The twelve-factor application is a methodology for building software as a service. The process was further revised in 2016 by Kevin Hoffman, who added three more tenets, but the title remained.

The idea here is to promote the idea that one team can manage and change one code base and only affect the one service.

The service should rely on itself and not rely on the environment for all dependent packages. A good example of this is a docker container which embeds all packages internally and solely relies on the host for docker hosting technology.

Configuration and credentials should reside in the environment. The environment should dictate - in a transparent way - how the code interacts.

Externalise your configuration and credentials from the service in a secure way like environment variables.

These are resources that the service requires but should be controlled by configuration. A database is an example of a backing service as is another service. BUt the location of the service should be controlled in configuration or some sort. This allows the service to respond to change in location of the dependency in realtime.

The build, release and run process should be treated as distinct stages. Issues that may arise from incorrect application of this tenet for the build stage is works on my machine issues.

Applications should run as a single stateless process. This is to help enable horizontal scalability and elasticity.

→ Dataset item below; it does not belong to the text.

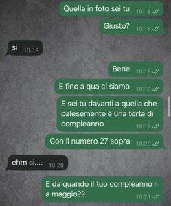 Certo, qualche stranezza ogni tanto c’era, come in tutte le coppie. Alcune cose non mi tornavano del tutto, ma ho sempre lasciato correre perché non sono mai stato un tipo sospettoso, preferisco fidarmi della persona che ho scelto di avere al mio fianco. Tutto ciò è durato. Fino a ieri. Quando, per un piccolo dettaglio, le cose hanno iniziato a vacillare.
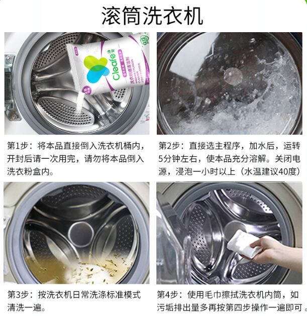 洗衣机清洗剂是一种高效、专业的洗衣机槽清洁剂,适用于滚筒和波轮式洗衣机。它能够彻底清除洗衣机内部的污垢、细菌和螨虫,有效预防皮肤病和过敏症状。这款清洗剂的除垢效果非常好,能够清除洗衣机内部的污垢、水垢和沉淀物,让洗衣机焕然一新。此外,它还具有除菌除螨的功效,能够杀灭洗衣机内部的细菌和螨虫,有效预防过敏和呼吸道疾病。

Be careful with concepts such as distributed cache. While is ideal to reduce back pressure, it can affect disposability if the initial loading of the cache takes a lot of time. It can also use inordinately large amounts of memory and affect the cost of the setup.

Have the host manage the port binding that is exposed to the consumer. Expose the interfaces and functions over a specific port

The motivation here is to support horizontal scalability which is cheaper and more versatile than vertical scalability e.g. horizontal scalability can span nodes where vertical scalability cannot.

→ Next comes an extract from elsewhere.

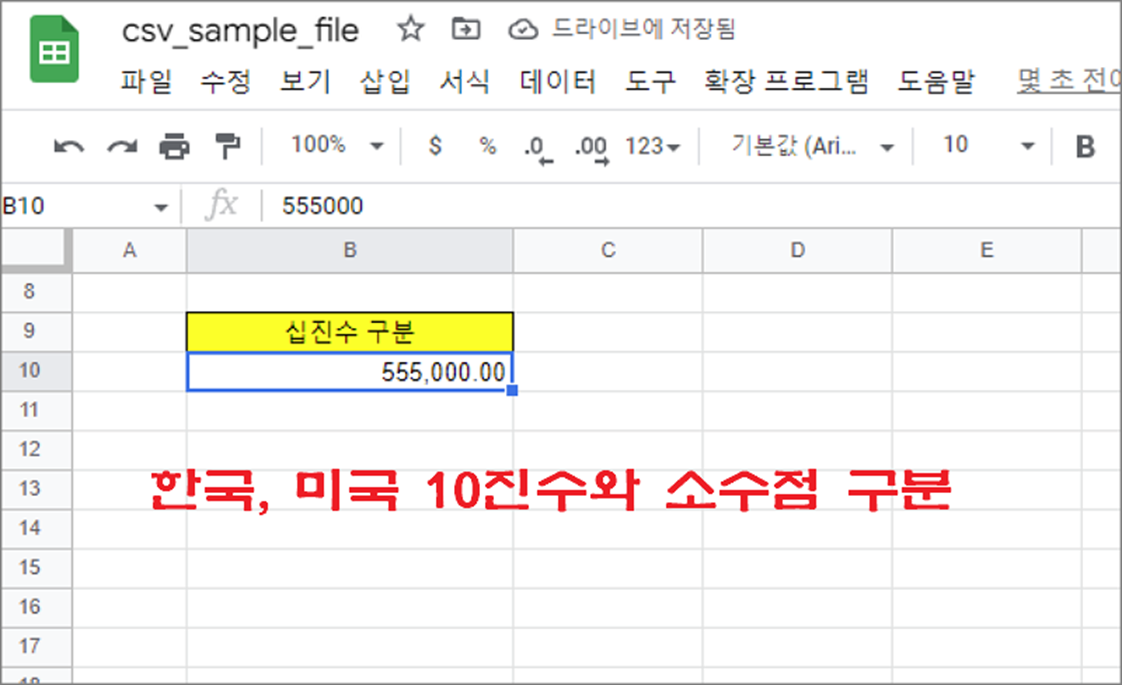 ▼ 마지막으로 10진수 구분이 언어별로 어떻게 달라지는지 알아보겠습니다. 한국과 미국은 동일하게 10진수는 “,” 쉼표로 하고 소수점은 “.” 콤마로 합니다.

The container should be quick to start up and graceful in its shutdown. This is to ensure that scale up can be achieved rapidly on demand and that on scale down can be achieved in a consistent way.

As production is the environment the service will function, all environments should resemble production as close as possible.

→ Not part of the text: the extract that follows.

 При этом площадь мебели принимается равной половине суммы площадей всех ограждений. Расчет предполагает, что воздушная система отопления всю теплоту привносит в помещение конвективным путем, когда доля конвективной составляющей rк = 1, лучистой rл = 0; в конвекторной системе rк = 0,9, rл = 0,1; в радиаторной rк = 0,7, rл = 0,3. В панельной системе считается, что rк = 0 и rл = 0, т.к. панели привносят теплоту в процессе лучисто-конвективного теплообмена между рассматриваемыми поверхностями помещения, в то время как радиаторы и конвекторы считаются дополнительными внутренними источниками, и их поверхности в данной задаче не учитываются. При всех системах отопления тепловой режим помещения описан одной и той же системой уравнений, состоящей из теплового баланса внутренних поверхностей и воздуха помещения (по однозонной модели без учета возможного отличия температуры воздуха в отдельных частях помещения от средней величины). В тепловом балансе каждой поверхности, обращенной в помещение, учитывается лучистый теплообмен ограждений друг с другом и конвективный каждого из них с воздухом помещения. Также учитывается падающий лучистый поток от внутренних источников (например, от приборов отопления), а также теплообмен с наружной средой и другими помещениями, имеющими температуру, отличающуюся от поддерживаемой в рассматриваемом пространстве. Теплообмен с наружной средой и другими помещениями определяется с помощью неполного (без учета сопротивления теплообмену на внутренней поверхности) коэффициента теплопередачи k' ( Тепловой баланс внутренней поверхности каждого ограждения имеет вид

In the same way that every commit should be considered a release candidate, every environment should be able to react as if production.

Logs should be treated as an event stream - a sequence of events emitted from an application in time order. A cloud native application writes all of its logs to stdout and stderr. This enables the cloud provider to redirect this stream to any resource without affecting the service.

In this way, we can direct the stream to multiple different resources for different purposes e.g. analytics, monitoring, alerts, archival

Another advantage of this model is that we can elastically scale the service. Orchestration has the responsibility of managing the containers of work, but the containers themselves have no idea where they are being hosted. If the container was aware of this, then it would require a responsibility on the container to direct its output dependent on its location.

When faced with needing to add an administrative process one should consider whether the process could be avoided by re-architecting the service.

An example of this is an administrative task that is scheduled on a timer. This could be embedded in the service to run every day at a specific time. The issue with this is that if we scale the service up to ten instances, we now have the same administrative task running ten times which is not desirable.

We could instead host an administrative endpoint which could be secured and called on by an external timer managed by a separate operator. This would enable the service to sit behind a load balancer and still be run once.

Alternatively, we may be able to interact with the backing service directly e.g. housekeeping tasks directly on the database.

We should support the concept of autonomous services and teams by providing documented interfaces that other services can use to interact with.

API design and development is a disciplined process and promotes standards or conventions that can assist in standardising integration.

Telemetry supports the goal of observability and covers:

• application performance monitoring (apm)
• domain specific telemetry
• health and system logs

Application performance monitoring may tell an operator how many HTTP requests were made in the last minute. Domain specific telemetry may tell an operator how many items have been purchased in teh past day. Health and system logs may tell an operator how many restarts a service has made, how many times it scaled up or down etc.

Logs are more statements abut the lifecycle of the domain in a code context whereas telemetry is more about the operational metrics for the service.

We should ensure that all endpoints may only be accessed by authorised operators.